Man in space
Study of a relationship between the musculotendinous and neuromuscular changes defining or limiting the human contractile functions in a long-term space flight.
- Characterize the reflex excitability of muscles in pre-, flight and post-flight conditions using electrical stimulation of the motor nerve and by testing the following: H-, T-reflexes, the muscle stretching reflex.
- Evaluate elastic and mechanical properties of muscles in pre-, flight and post-flight conditions in the active and passive state by changing the position of the ankle joint (the range of motion) and measuring lateral stiffness (LS) of muscles.
- Characterize activation of muscles and muscular endurance strength in case of voluntary and involuntary contractions (electrically induced) with record of the surface electromyogram (EMG) during the maximum and submaximum isometric and isokinetic contractions at a constant speed of movement and with record of M-responses.

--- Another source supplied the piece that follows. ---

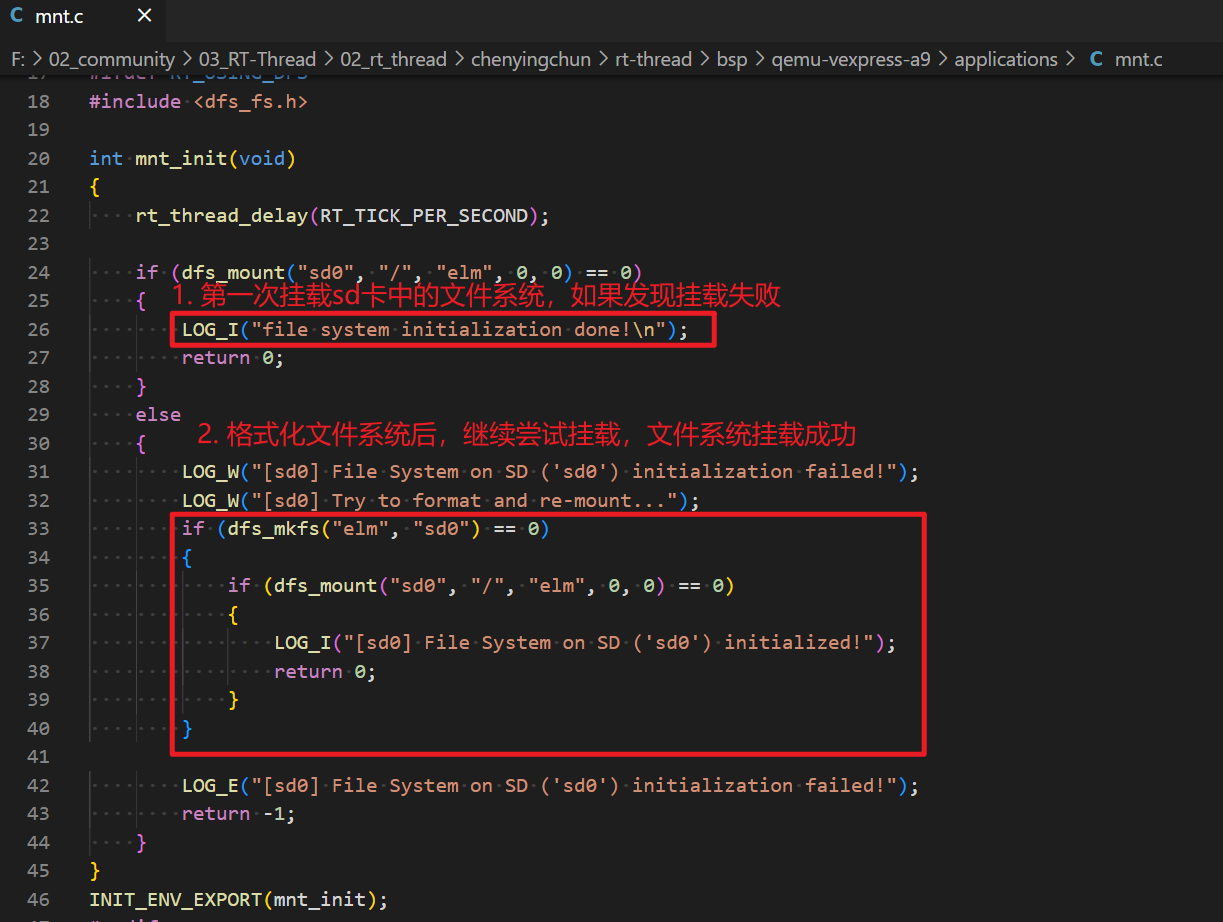 注意一下,默认情况下,由于SD中没有文件系统存在,因此挂载失败,程序中检测到文件系统挂载失败后,会自动执行mkfs对文件系统进行格式化操作,格式化完后,再次执行mount操作,文件系统挂载成功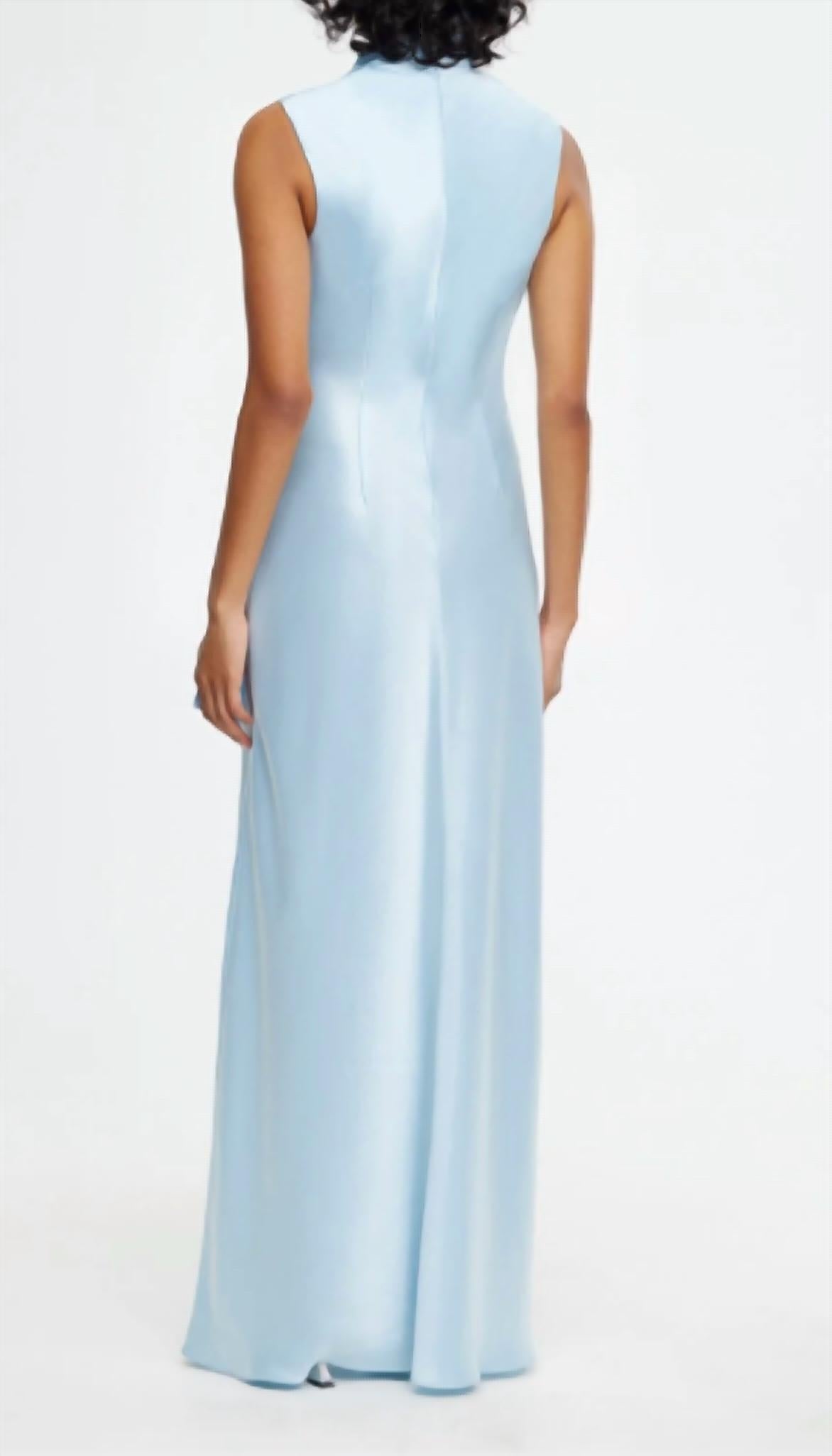 A maxi dress that is just as cute as it is comfortable. Elevate your wardrobe with the Acler Jeffries Maxi Dress in Light Cornflower, a stunning piece designed for the modern woman. This sleeveless satin dress in a fit and flare silhouette offers elegance and sophistication. Featuring a pleated neck drape and a center back invisible zip closure, it beautifully enhances your figure while ensuring ease of movement. Crafted without lining, this dress embodies a lightweight and graceful appeal, perfect for any occasion.

- Evaluate the features of changes in the muscle architecture (length and the inclination angle of the muscle bundles) in pre-, flight and post-flight conditions in the active and passive states.
- Characterize changes of mechanical properties of soleus muscle (SM) tendon (the muscle stiffness and stretching determined by ultrasound visualization during isometric contractions with increasing force) before and after SF.
- Assess the intrinsic properties of contractile and molecular pathways involved in the tissue adaptation before and after SF.
- Asses the dynamic motor performance when carrying out a series of the motor tasks with external and without external loads.
- Assess changes of functional properties of neuromuscular activity (NMA) before and after SF.
- Evaluate changes of the accurate parameters of human voluntary movements before and after SF.
- Analyze relative importance of the central and peripheral factors determining functional properties of human NMA and change of their specific contribution to the result of a long-term space flight.
- Assess the degree of change of the following ratio: the joint angle – the muscle fibre pennation angle in the active state under the effect of microgravity factors.
- Assess the degree of change of the time and amplitude characteristics of lateral stiffness of human skeletal muscles after a long-term SF.
Used science hardware:
When conducting this experiment the following ESA and NASA science hardware is used:
- • MARES hardware is intended for fixation of a subject and record of the muscular and reflex contractions;
- • T61P EPM laptop with such an external disk as MARES-EPM Hard Disk provides control of product operation and conduct of examinations.
- • electrostimulator PEMS-2 (Percutaneous Electrical Muscle Stimulator) is intended for electrical stimulation of motor nerves innervating human skeletal muscles;
- • ultrasound system (NASA HRF Ultrasound device) is designed for ultrasound investigations of changes of human muscle architecture;
- • electromyograph (ESA EMG device) is intended for recording bioelectrical activity of muscles;
- • kit, namely MARES Consumables kit contains consumables to conduct examinations of one cosmonaut in compliance with the SE program;
- • kit such as MARE Ultrasound kit contains consumables for making ultrasound investigations in the scope of the experiment.
A comprehensive study of the muscle changes is necessary to organize long-term space Expeditions.
The results of the experiment are information recorded using the MARES hardware, electrostimulator, electromyograph and ultrasound system, as well as the accompanying photos and video.